The Directorate General of Trade Remedies (DGTR) in August last year initiated a probe into an alleged jump in imports of 'Refined Bleached Deodorised Palmolein and Refined Bleached Deodorised Palm Oil' from Malaysia, following a complaint from Solvent Extractors' Association of India.
The notification said the "director general does not recommend further extension of bilateral safeguard duty".
On September 4, 2019, the revenue department had imposed 5 per cent safeguard duty on imports of refined palm oil from Malaysia, taking the customs levy to 50 per cent for six months, a move aimed at protecting interest of domestic players.
It was imposed after the DGTR in a preliminary findings suggested for imposition of the duty for 180 days.
According to the final findings, the directorate has concluded that "it may not be necessary to impose safeguard duty beyond the current period of 180 days".
"It is considered that the bilateral safeguard duty imposed" on September 4, 2019 under the CECA (Comprehensive Economic Cooperation Agreement) on the imports for a period of 180 days "is sufficient in the present circumstances," it has added.
The investigation was conducted under the India-Malaysia Comprehensive Economic Cooperation Agreement (Bilateral Safeguard Measures) Rules, 2017.

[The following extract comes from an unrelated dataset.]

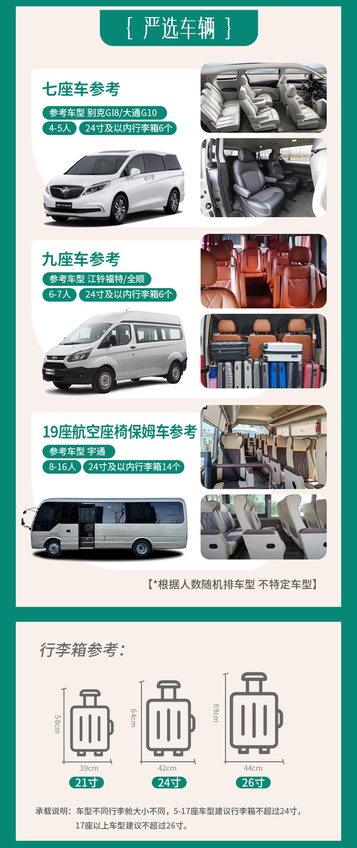 8-16人安排 19座2+1航空座保姆车(单独领队)

The agreement is a kind of free trade pact under which both countries have reduced customs duties on several goods traded between them.
Imports from Malaysia increased from 6,26,362 MT in 2016-17 to 25,96,225 MT in Jan-June, 2019 (on annualised basis), showing an increase of 314 per cent.
Imports from other countries declined from 23,15,292 MT in 2016-17 to 7,25,210 MT in Jan-June, 2019 (on annualized basis).